Commemorating Computational Complexity

Fifty years ago, two researchers started writing this seminal paper, kicking off the research field of computational complexity, the core of computer science, with now tens of thousands of publications.

Although the concepts and ideas underlying the paper were not new, as a letter by Kurt Gödel show us, it was the foundational moment for a field that still produces deep, beautiful and practical results: in the last decade, Williams’ lower bound on non-uniform circuitsAgrawal-Kayal-Saxena primality test that included primality testing in P (although Miller-Rabin and Solovay-Strassen   primality tests still live strong since they are much faster than AKS) or Vassilevska’s lower bound on matrix multiplication.
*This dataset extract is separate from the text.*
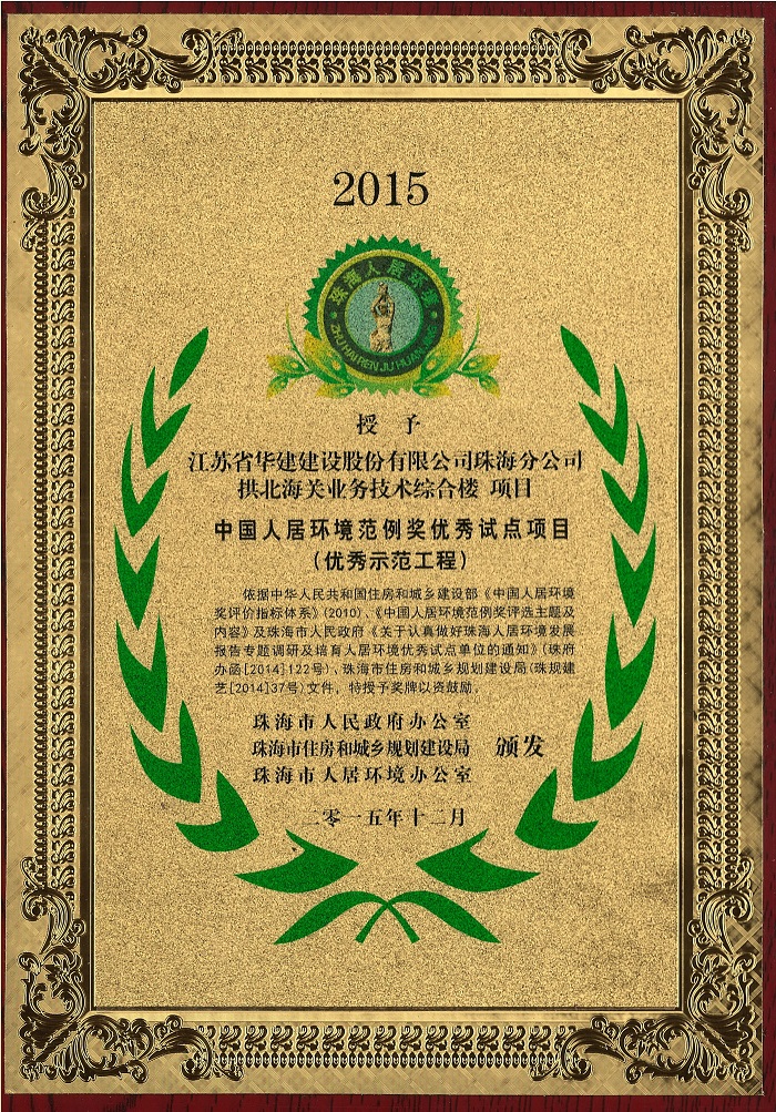 拱北海關(guān)業(yè)務(wù)技術(shù)綜合樓榮獲中國(guó)人居環(huán)境范例獎(jiǎng)優(yōu)秀試點(diǎn)項(xiàng)目(優(yōu)秀示范工程) 時(shí)間:2015-12-22 5185

I see tons of start-ups and projects fail because they ignore the most basic algorithmic prudence: that is, that only sub-logarithmic algorithms should be accessible to the mass-public is one the ignored maxims of the computer industry that can only be learned by the proper interpretation of the absence of market offerings refuting it (vg. regular expressions within search engines’ queries, which could run in exponential time; or all the AI promises about solving optimization problems that never delivered).

Speaking with some researchers lately, they expressed the hope that the coming end of Moore’s law would vindicate this field, making its results much more relevant: and although they were absolutely right in that proportionally more resources will be directed towards these ends, they also failed to consider that the likely crash following this event may also reduce the total, aggregated opportunities.